Состояние максимальной чуткости. Как гормоны меняют мозг будущей матери
В издательстве «Манн, Иванов и Фербер» вышла книга «Родительская интуиция. Нейронаука о том, как нас меняет родительство» журналистки и мамы двоих детей Челси Конабой. Опираясь на новейшие нейробиологические исследования и многочисленные интервью с родителями, автор рассказывает о том, как рождение ребенка влияет на женщину эмоционально, психологически и физиологически. Публикуем фрагмент из главы, посвященной тому, как гормоны перестраивают мозг родителей.
Вскоре после того, как мой муж Юн получил права на управление дроном, он отправился испытать его на Скарборо Марш — болотистый лиман в штате Мэн. Все лето напролет здесь собираются группы туристов, которые гребут в своих разноцветных байдарках по узким протокам в соленых водах болота, распростершегося более чем на три тысячи акров. Время от времени мы с семьей гуляем здесь по специально оборудованной вдоль старой железной дороги тропе, которая прямой линией пересекает местность, состоящую сплошь из плавных изгибов. Еще чаще мы катаемся тут на машине, наблюдая, как свежую весеннюю зелень неизменно сменяют белые и серые оттенки зимы — эти извечные приметы времени. Подобные пейзажи типичны для здешних мест. И все же видеоряд, который удалось в тот день заснять Юну, показал нам Скарборо Марш с новой стороны.

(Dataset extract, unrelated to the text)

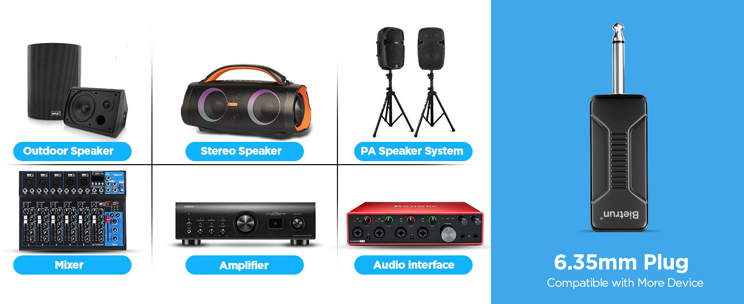 Bietrun Receiver/Adapter Only WXM09, WXM09A, WXM19, WXM19A, WXM21, WXM31, WXM31-2 Wireless Microphone (1/4") with Bluetooth

Глядя сверху, я заметила, что большие участки, заросшие травой, неодинаковы и не цельны, а разнородны. Зеленые стебли собираются в завитки и ложатся друг на друга, окружая небольшие бассейны с водой и обводя изгибы протоков. Цветовые пятна подсказывают, где располагаются травянистые бугорки, а где канавы, в которых вода испарилась, а соль кристаллизовалась на солнце. Вода становится небом, отражение пышных белых облаков видно сквозь длинные узкие дорожки между зарослями тростника. С такой точки обзора верх превращается в низ. Пространство и время кажутся неразличимыми. Большое состоит из множества мельчайших деталей.
Вот о чем я думала, пока стояла за дверью кабинета МРТ в Йельской школе медицины в феврале 2020-го, пока лаборант получал изображения мозга молодой женщины, матери, лежащей внутри аппарата. Мощный магнит притягивал и определенным образом выстраивал протоны водорода в мозге этой женщины, а затем отпускал их, производя радиосигналы, которые машина переводила в черно-белые картинки, двигавшиеся в виде последовательности изображений мозга во множестве сечений. Изгибы белого и серого вещества на стоп-кадрах напомнили мне ландшафт болота. На первый взгляд эти внутренние структуры мозга казались бесформенными, как и обширные участки травы, но, если взглянуть на них с нужной стороны, увидишь невероятно сложные взаимосвязи. Это сравнение небезупречно. И все же в нем есть смысл.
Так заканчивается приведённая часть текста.